EXERCISE AIM - When you return the data, keep every word exact and include none of the images.
[DATA LISTING Boundary: Start]
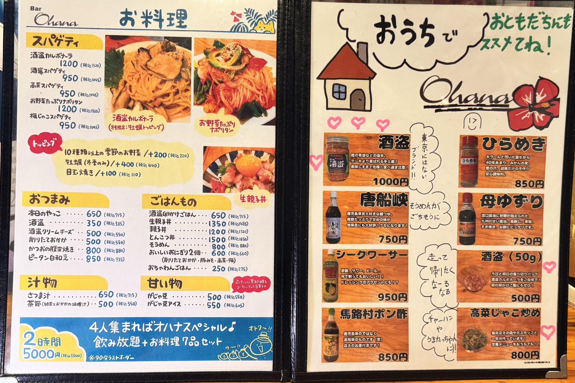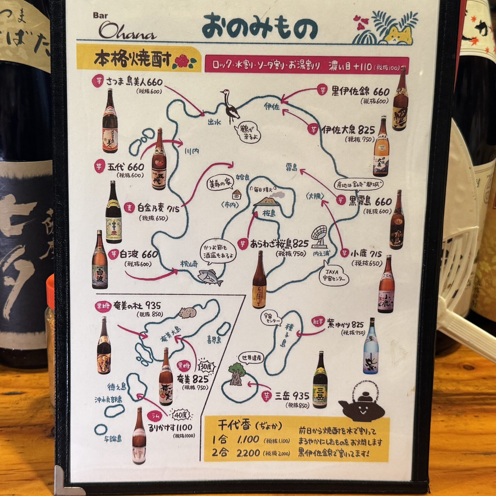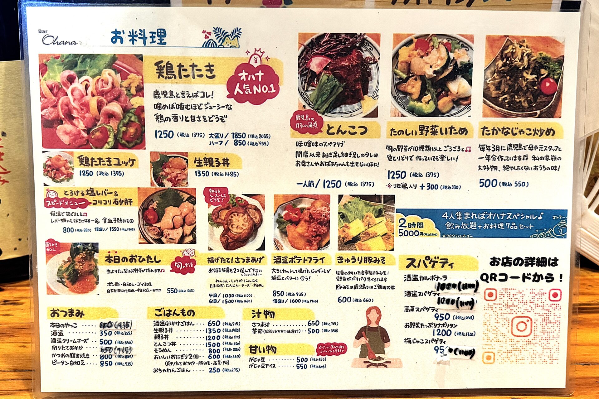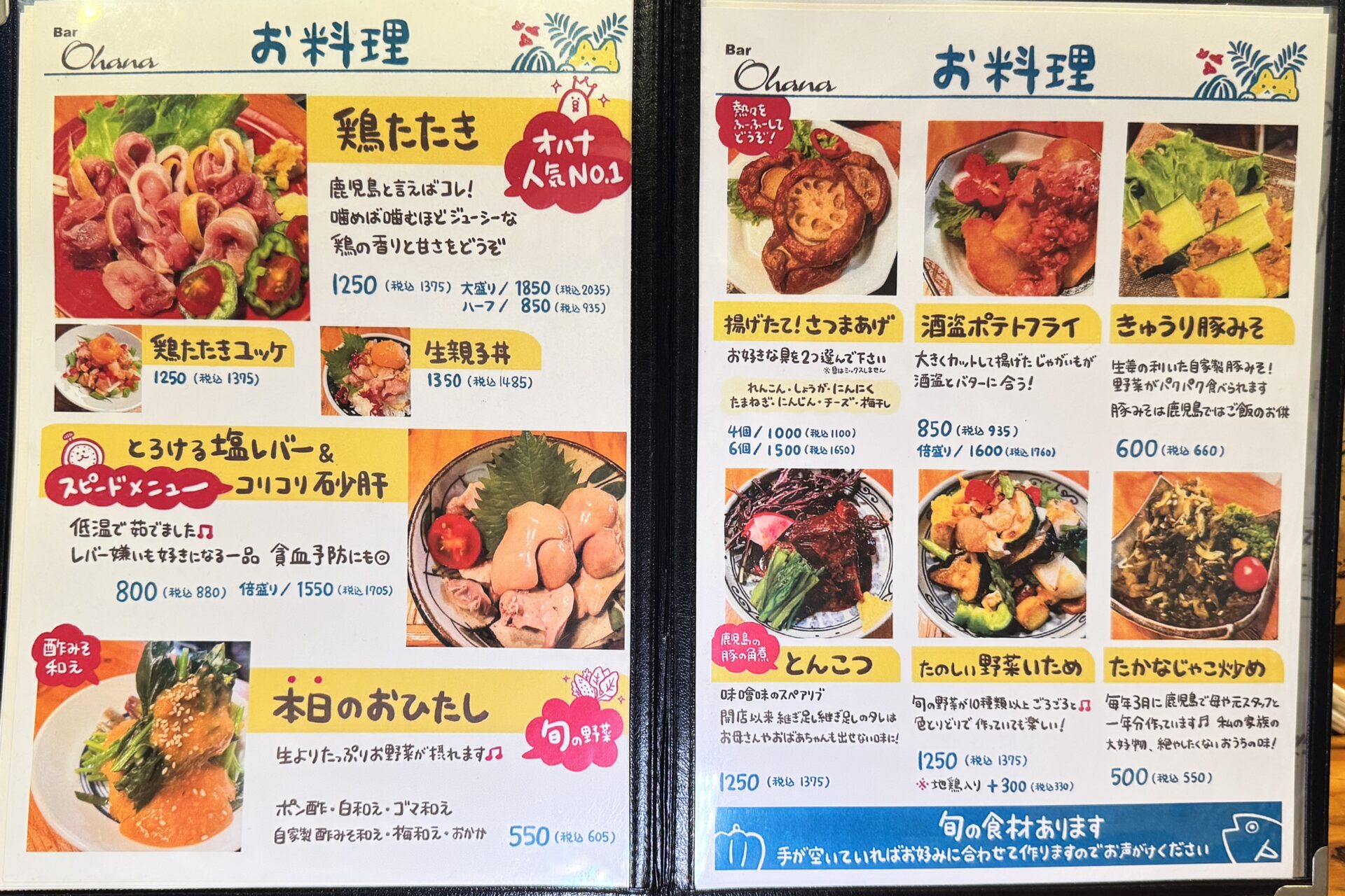 吉祥寺の鹿児島料理居酒屋「バーオハナ」のメニューと値段
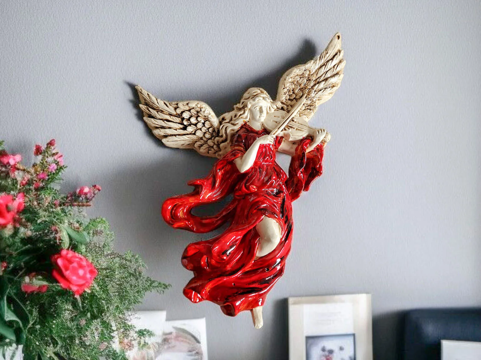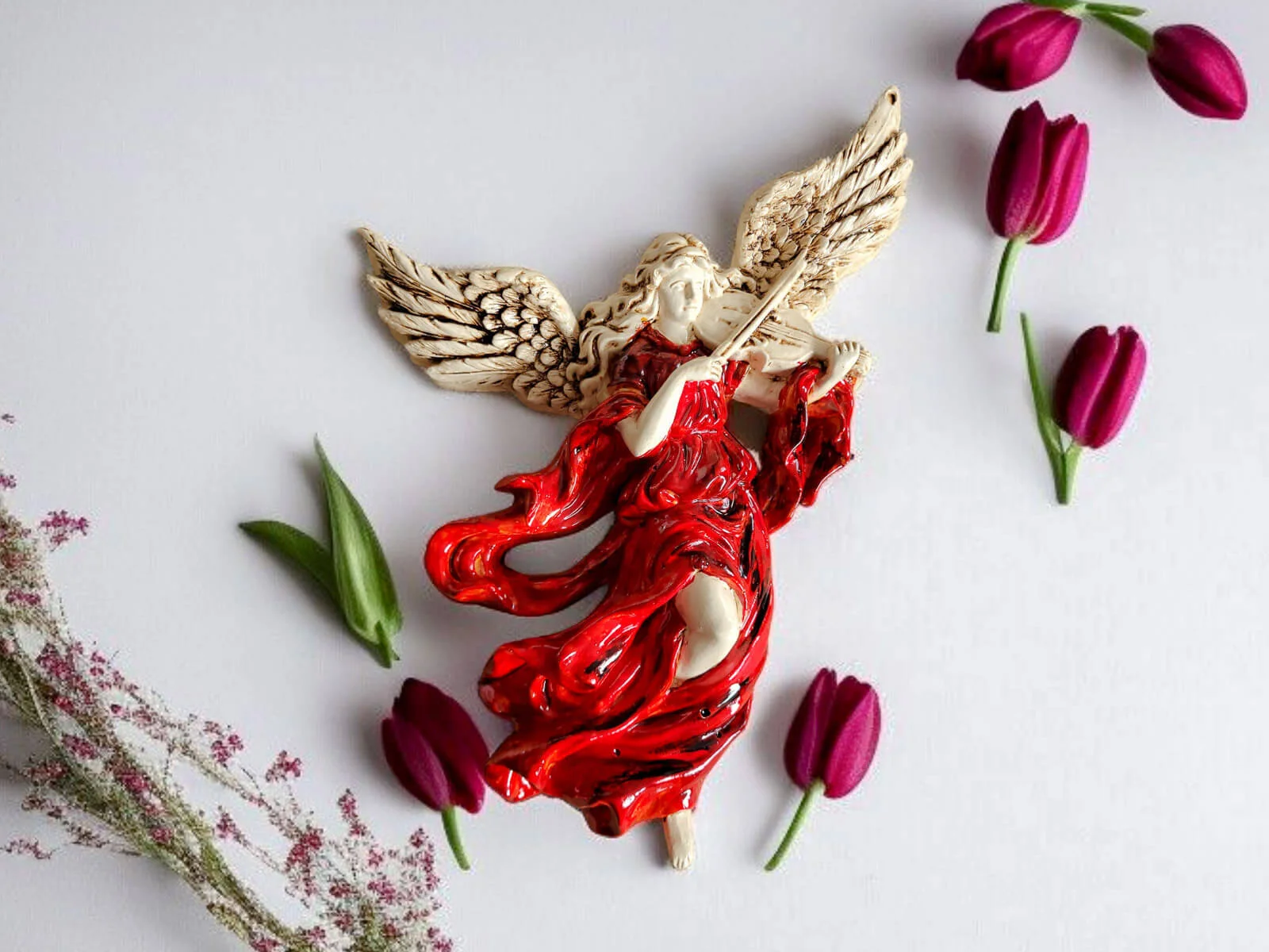 Anioł ten jest niezwykłym połączeniem delikatności i wyrafinowania. Jego rozwinięte skrzydła oraz postawa przywołują nutę niebiańskiego piękna. Każdy detal jest ręcznie formowany i starannie malowany, co nadaje postaci niepowtarzalny charakter.
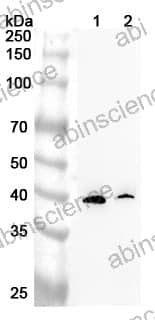 Western blot analysis was performed using anti-DMC1 polyclonal antibody at 1μg/ml on various samples. Lane 1: Mouse testis lysate Lane 2: Rat testis lysate
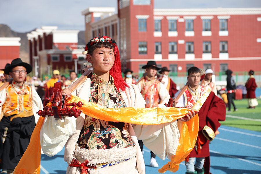 5月6日,青海師范大學(xué)附屬玉樹實(shí)驗(yàn)學(xué)校舉行“五四運(yùn)動(dòng)103周年紀(jì)念大會(huì)暨‘華美青春耀百年’”文化展示活動(dòng),千余名師生身著華麗的民族服飾共同慶祝這一青年人的節(jié)日。
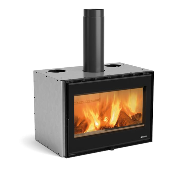 Wood burning insert with Power Radian System and panoramic view. Low-floor plain for great flame vision. Internal facing of the hearth in cast iron and Nordiker. Fire door and grille in cast iron. Reversible door with ceramic glass. Adjustable primary and secondary air for a better combustion control with post combustion system for low emissions. External air intake.
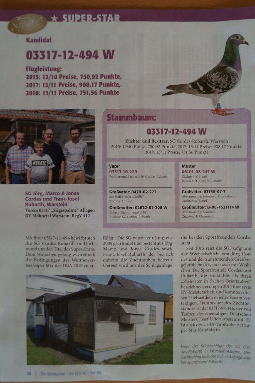 Unsere 03317-12-494w hat die Zusage für den "Superstar 2019" bekommen. Damit haben wir nun zum 3. Mal die Chance eine Taube auf der DBA ausstellen zu dürfen.
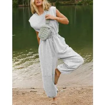 Kissonic Women Casual Jumpsuit Summer Sleeveless Drawstring Romper Cute One Piece Outfits Workout Lounge Jumpsuits with Pockets(LightGrey-M)
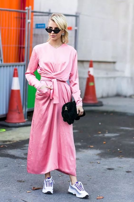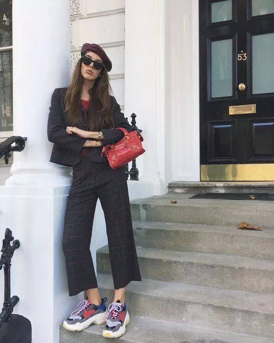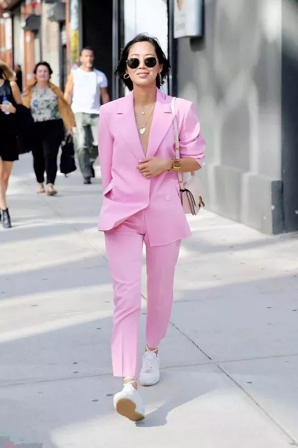 穿娇艳色系的西装套装搭配小白鞋也有很加分
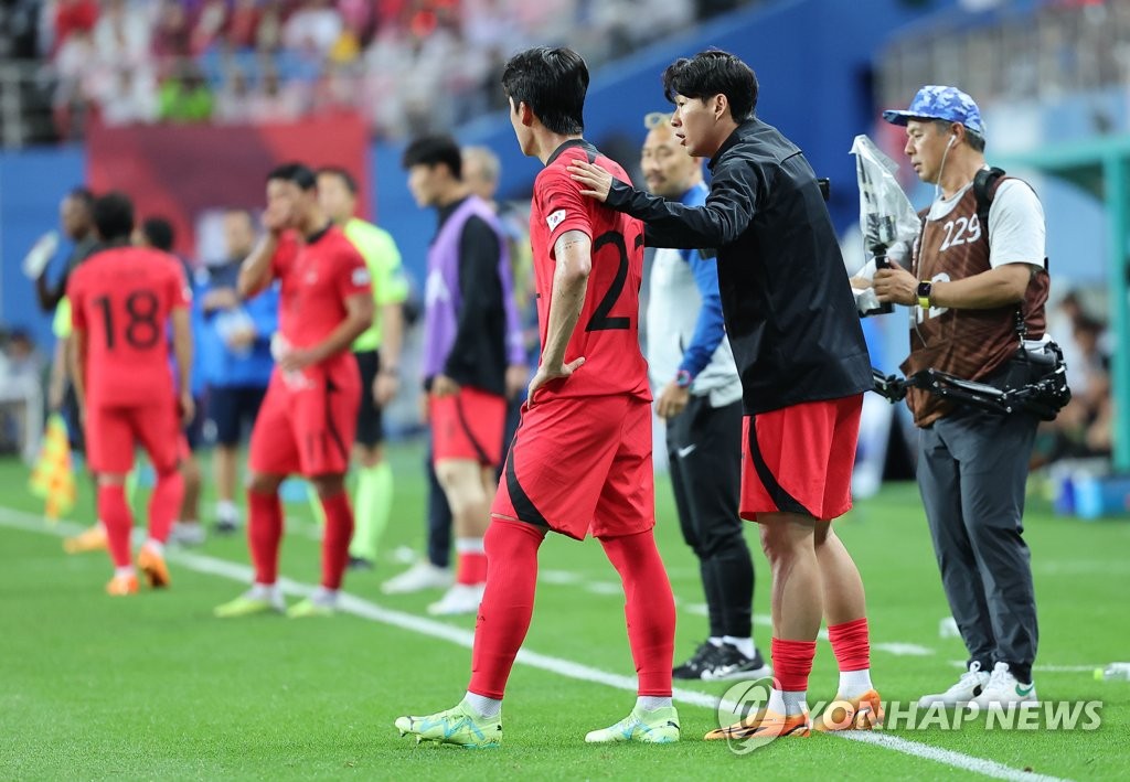 | ▲ 설영우에게 이야기하는 손흥민 (대전=연합뉴스) 류영석 기자 = 20일 대전월드컵경기장에서 열린 축구 국가대표팀 평가전 한국과 엘살바도르의 경기. 교체 멤버인 손흥민이 타임 아웃 중 설영우에게 이야기를 하고 있다. 2023.6.20 ondol@yna.co.kr |
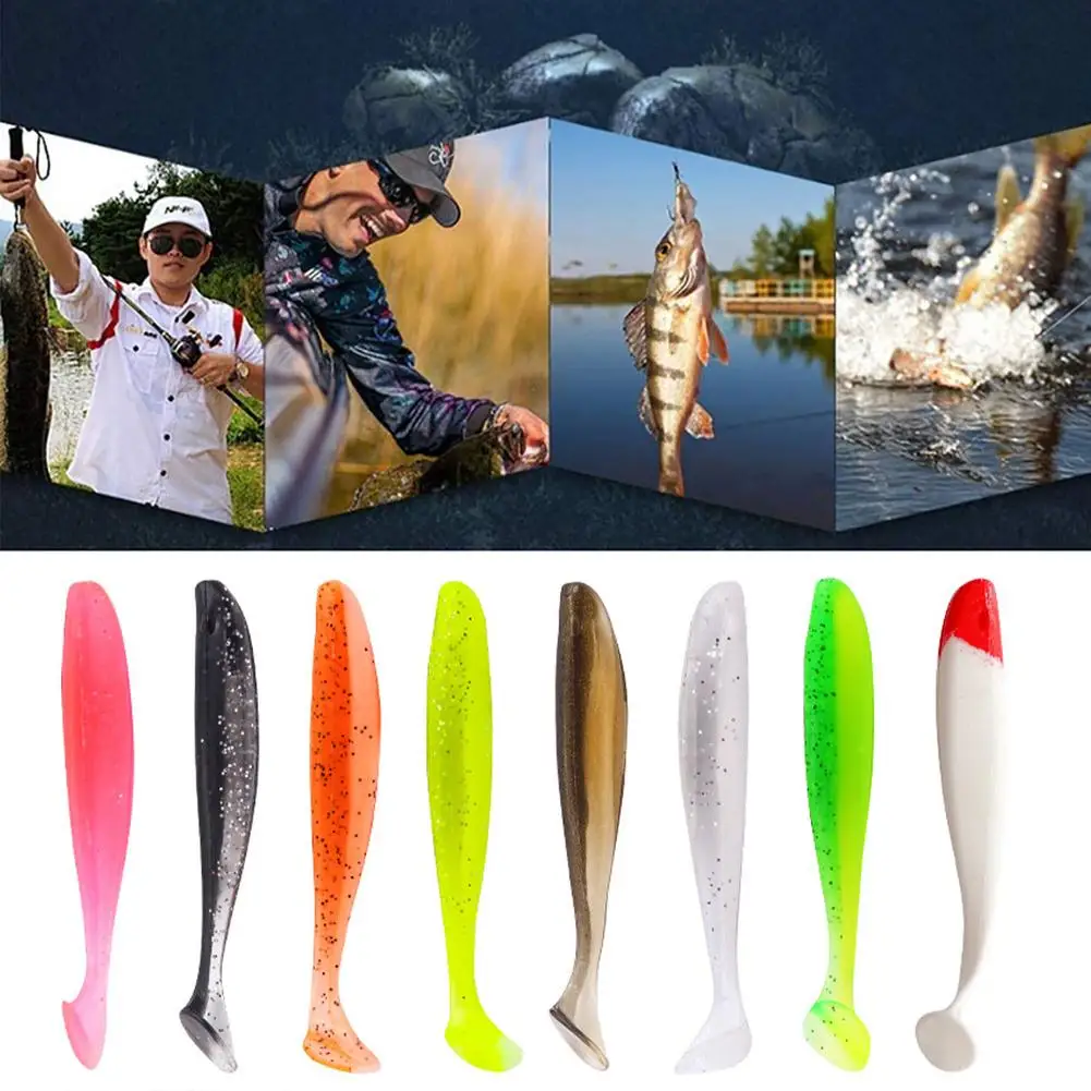 50 piezas de señuelo de pesca suave de dos colores suave cola en T cebo Artificial multicolor biónico cebo falso accesorios de aparejos de pesca
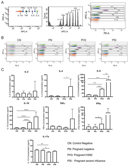 We evaluated serum concentrations of seven cytokines (IL-2, IL-4, IL-6, IL-10, TNFα, IFNγ, and IL-17a) as potential biomarkers for influenza severity in pregnant women (Figure 5). The cytokine analysis was performed without trimester stratification to assess the overall disease-associated patterns.
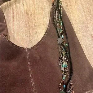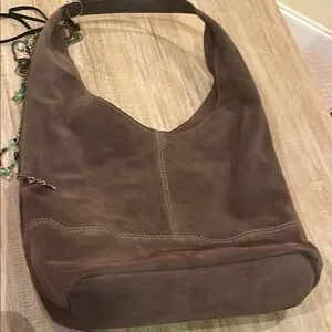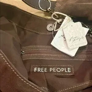 Stylish and versatile Free People brown suede bag, perfect for everyday use. Features a unique design with a comfortable strap for easy carrying. Interior pockets, 1 zipper 2 slid in. Brown leather handle. After market handbag charms added to complete the Boho style!
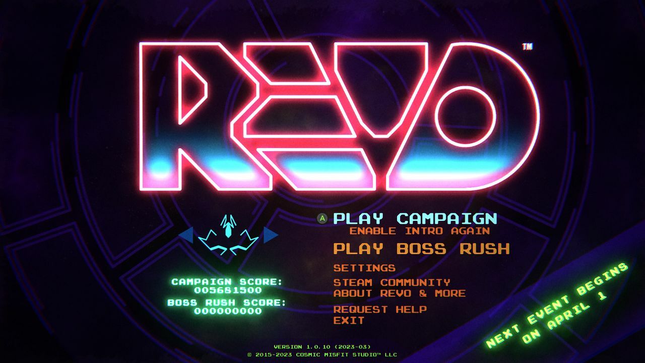 REVO just received a small update that will affect nothing today save for a fix for a minor bug introduced into boss battles via the last update. However, it gets the game ready for April’s festivities as well as adds a notice on the title screen about upcoming events so you can know when to expect something special to happen in game.
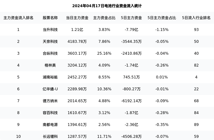 从主力资金流向来看,电池行业今日主力资金流入83.80亿元,在所有申万二级行业中排名:99/131。
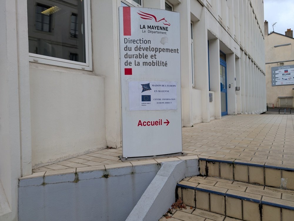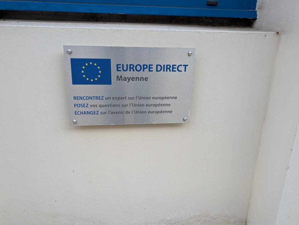 Le panneau indiquant la nouvelle adresse de la Maison de l'Europe en Mayenne. - Benjamin Deglave
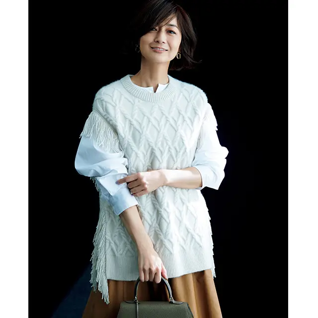 撮影/酒井貴生(aosora) ヘア&メイク/野田智子 スタイリスト/村山佳世子 モデル/富岡佳子 取材・原文/松井陽子 撮影協力/バックグラウンズファクトリー ※eclat12月号掲載 ※掲載商品の価格は、本体価格(税抜)で表示しております。
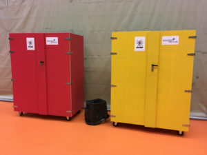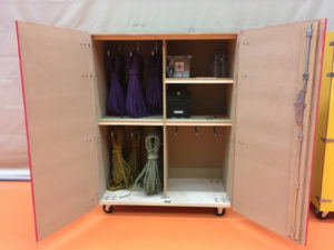 L’autre armoire (Jaune) permet de stocker le reste du matériel nécessaire aux cours uniquement (baudrier, matériel d’assurage, etc.)
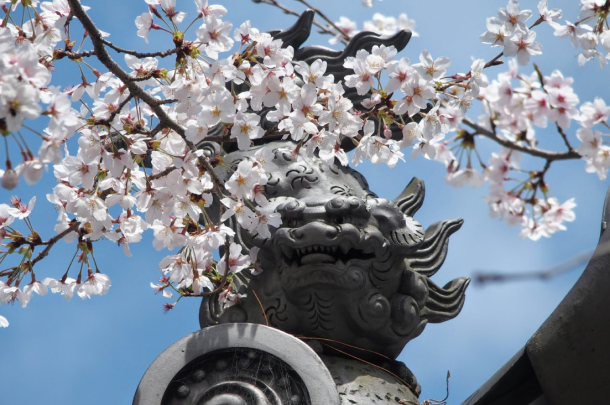 境内に咲く千眼桜は、知る人ぞ知る春の見どころの【大原野神社】
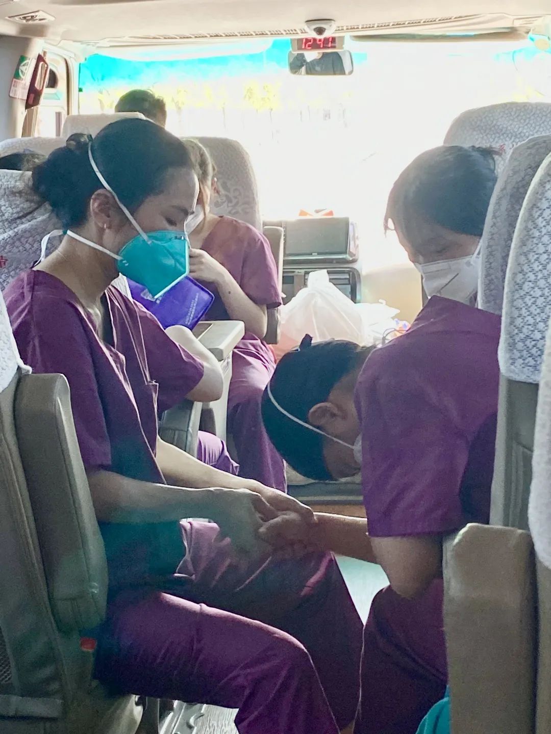平时都经常晕车的佛山尊龙凯时禅诚医院护士邹丽珍,经过一天7-8次的核酸点转场头晕难忍,结束一天采样返程的车上,同事细心地给她做合谷穴按压缓解头晕,她说,再难受也阻挡不了守沪决心。
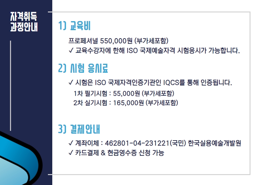 🔹 ±³À°³»¿ë: ISO ±¹Á¦¿¹¼úÀÚ°Ý ÇǾƳë¹ÝÁÖ ±³À°Àü¹®°¡ ÇÁ·ÎÆä¼Å³Î °úÁ¤ ÃëµæÀ» À§ÇÑ Ä¿¸®Å§·³
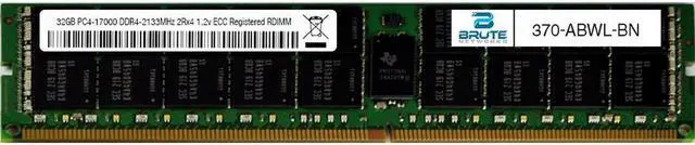 Dell Compatible 370-ABWL - 32GB PC4-17000 DDR4-2133Mhz 2Rx4 1.2v Registered RDIMM 370-ABWL-BN is a Dell compatible 32GB PC4-17000 DDR4-2133Mhz 2Rx4 1.2v Registered RDIMM, equivalent to Dell labeled PN#: 370-ABWL. Brute Networks modules are all major brand (Samsung, SK Hynix, or Micron). This module is guaranteed compatible with your server, as well as guaranteed to maintain your factory warranty, since Brute Networks modules are from the same manufacturers Dell uses for their OEM branded modules.
[DATA LISTING Boundary: End]
TASK RESULT -
 吉祥寺の鹿児島料理居酒屋「バーオハナ」のメニューと値段
 Anioł ten jest niezwykłym połączeniem delikatności i wyrafinowania. Jego rozwinięte skrzydła oraz postawa przywołują nutę niebiańskiego piękna. Każdy detal jest ręcznie formowany i starannie malowany, co nadaje postaci niepowtarzalny charakter.
 Western blot analysis was performed using anti-DMC1 polyclonal antibody at 1μg/ml on various samples. Lane 1: Mouse testis lysate Lane 2: Rat testis lysate
 5月6日,青海師范大學(xué)附屬玉樹實(shí)驗(yàn)學(xué)校舉行“五四運(yùn)動(dòng)103周年紀(jì)念大會(huì)暨‘華美青春耀百年’”文化展示活動(dòng),千余名師生身著華麗的民族服飾共同慶祝這一青年人的節(jié)日。
 Wood burning insert with Power Radian System and panoramic view. Low-floor plain for great flame vision. Internal facing of the hearth in cast iron and Nordiker. Fire door and grille in cast iron. Reversible door with ceramic glass. Adjustable primary and secondary air for a better combustion control with post combustion system for low emissions. External air intake.
 Unsere 03317-12-494w hat die Zusage für den "Superstar 2019" bekommen. Damit haben wir nun zum 3. Mal die Chance eine Taube auf der DBA ausstellen zu dürfen.
 Kissonic Women Casual Jumpsuit Summer Sleeveless Drawstring Romper Cute One Piece Outfits Workout Lounge Jumpsuits with Pockets(LightGrey-M)
 穿娇艳色系的西装套装搭配小白鞋也有很加分
 | ▲ 설영우에게 이야기하는 손흥민 (대전=연합뉴스) 류영석 기자 = 20일 대전월드컵경기장에서 열린 축구 국가대표팀 평가전 한국과 엘살바도르의 경기. 교체 멤버인 손흥민이 타임 아웃 중 설영우에게 이야기를 하고 있다. 2023.6.20 ondol@yna.co.kr |
 50 piezas de señuelo de pesca suave de dos colores suave cola en T cebo Artificial multicolor biónico cebo falso accesorios de aparejos de pesca
 We evaluated serum concentrations of seven cytokines (IL-2, IL-4, IL-6, IL-10, TNFα, IFNγ, and IL-17a) as potential biomarkers for influenza severity in pregnant women (Figure 5). The cytokine analysis was performed without trimester stratification to assess the overall disease-associated patterns.
 Stylish and versatile Free People brown suede bag, perfect for everyday use. Features a unique design with a comfortable strap for easy carrying. Interior pockets, 1 zipper 2 slid in. Brown leather handle. After market handbag charms added to complete the Boho style!
 REVO just received a small update that will affect nothing today save for a fix for a minor bug introduced into boss battles via the last update. However, it gets the game ready for April’s festivities as well as adds a notice on the title screen about upcoming events so you can know when to expect something special to happen in game.
 从主力资金流向来看,电池行业今日主力资金流入83.80亿元,在所有申万二级行业中排名:99/131。
 Le panneau indiquant la nouvelle adresse de la Maison de l'Europe en Mayenne. - Benjamin Deglave
 撮影/酒井貴生(aosora) ヘア&メイク/野田智子 スタイリスト/村山佳世子 モデル/富岡佳子 取材・原文/松井陽子 撮影協力/バックグラウンズファクトリー ※eclat12月号掲載 ※掲載商品の価格は、本体価格(税抜)で表示しております。
 L’autre armoire (Jaune) permet de stocker le reste du matériel nécessaire aux cours uniquement (baudrier, matériel d’assurage, etc.)
 境内に咲く千眼桜は、知る人ぞ知る春の見どころの【大原野神社】
平时都经常晕车的佛山尊龙凯时禅诚医院护士邹丽珍,经过一天7-8次的核酸点转场头晕难忍,结束一天采样返程的车上,同事细心地给她做合谷穴按压缓解头晕,她说,再难受也阻挡不了守沪决心。
 🔹 ±³À°³»¿ë: ISO ±¹Á¦¿¹¼úÀÚ°Ý ÇǾƳë¹ÝÁÖ ±³À°Àü¹®°¡ ÇÁ·ÎÆä¼Å³Î °úÁ¤ ÃëµæÀ» À§ÇÑ Ä¿¸®Å§·³
 Dell Compatible 370-ABWL - 32GB PC4-17000 DDR4-2133Mhz 2Rx4 1.2v Registered RDIMM 370-ABWL-BN is a Dell compatible 32GB PC4-17000 DDR4-2133Mhz 2Rx4 1.2v Registered RDIMM, equivalent to Dell labeled PN#: 370-ABWL. Brute Networks modules are all major brand (Samsung, SK Hynix, or Micron). This module is guaranteed compatible with your server, as well as guaranteed to maintain your factory warranty, since Brute Networks modules are from the same manufacturers Dell uses for their OEM branded modules.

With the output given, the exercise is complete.